Multiple primary cutaneous melanoma (MPM) is defined as two or more independent melanoma lesion without attribution of metastasis or recurrence to each other’s presence. Histopathological differences, chronological orders, or negativity for metastasis work-ups indicate a possibility of MPM1. The presence of multiple primary acral melanoma is extremely rare. There are one case series of four MPM patients in African-American ethnicity, and one case has been reported in Korean patient123.
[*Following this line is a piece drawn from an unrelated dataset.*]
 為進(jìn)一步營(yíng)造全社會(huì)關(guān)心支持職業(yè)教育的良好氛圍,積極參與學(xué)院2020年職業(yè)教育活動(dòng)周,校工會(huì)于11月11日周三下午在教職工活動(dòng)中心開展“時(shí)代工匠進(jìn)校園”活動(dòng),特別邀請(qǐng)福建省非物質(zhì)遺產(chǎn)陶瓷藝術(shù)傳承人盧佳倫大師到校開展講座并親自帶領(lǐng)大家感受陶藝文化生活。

A 78-year-old Korean man referred to the dermatology clinic for the black and hyperkeratotic patch on his right heel (Fig. 1B). The lesion was first noticed 10-years ago. A punch biopsy of lesional skin was done at the center and it turned out to be an acral lentiginous melanoma in situ. He had another lesion on the left sole, which was 12 years old, diagnosed as melanoma 2 years ago and it was surgically excised (Fig. 1A; T4bN0M0, wide excision with full thickness skin graft). There was no radiological evidence of lymph node or visceral organ metastasis at that time, but now liver, lung, and chest wall metastasis was found on the radiological studies. He was referred to the hemato-oncology department for the palliative care, but refused all treatment options.
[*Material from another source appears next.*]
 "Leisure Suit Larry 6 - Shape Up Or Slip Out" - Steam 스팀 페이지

The right sole lesion occurred at the distant location from the left sole lesion, and there are pathological differences between the 2 melanomas: the excised right heel lesion shows only lentiginous spreading of atypical cells with no dermal invasion (Fig. 2C, D), but the left sole melanoma showed deeply invasive vertical growth with heavily pigmented melanoma cells (Fig. 2A, B). Therefore, it is plausible to conclude that the right side lesion is not the metastasis or recurrence of the left sole melanoma but another primary melanoma. One limitation is that we did not analyzed the excision specimen of the right sole lesion, because excision was not performed due to the extensive metastasis.
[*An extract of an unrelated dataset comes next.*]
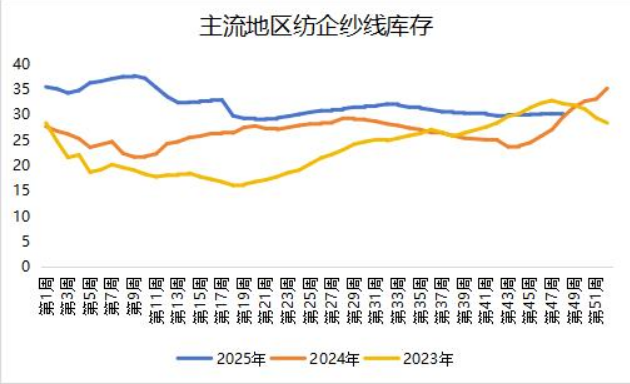 据Mystee,近日贸易商采购增加,40s以上高支纱走货加快,纺企整体库存下降明显,新疆大型厂成品纱库存约35天左右,内地企业库存维持在11-15天。据Mysteel农产品数据监测,截至11月27日,主要地区纺企纱线库存为30天,周度下降0.66%,刷新4周低点。

Acral lentiginous melanoma frequently occurs in oriental ethnicity24. However, MPM of acral site is exceedingly rare when comparing to the superficial spreading melanomas. Therefore, we performed cancer-specific high-throughput annotation of somatic mutations (CHASM) study for the both melanomas. The genetic mutation profile was negative for known KIT, BRAF, MEK, or NRAS gene mutations in melanomas. In recent study on multiple primary superficial spreading melanomas, CDKN2A gene mutation was statistically significant in these cases other than non-multiple melanoma cases5. Therefore, we suggest comparing genetic mutations in acral MPMs with solitary cases for the further studies.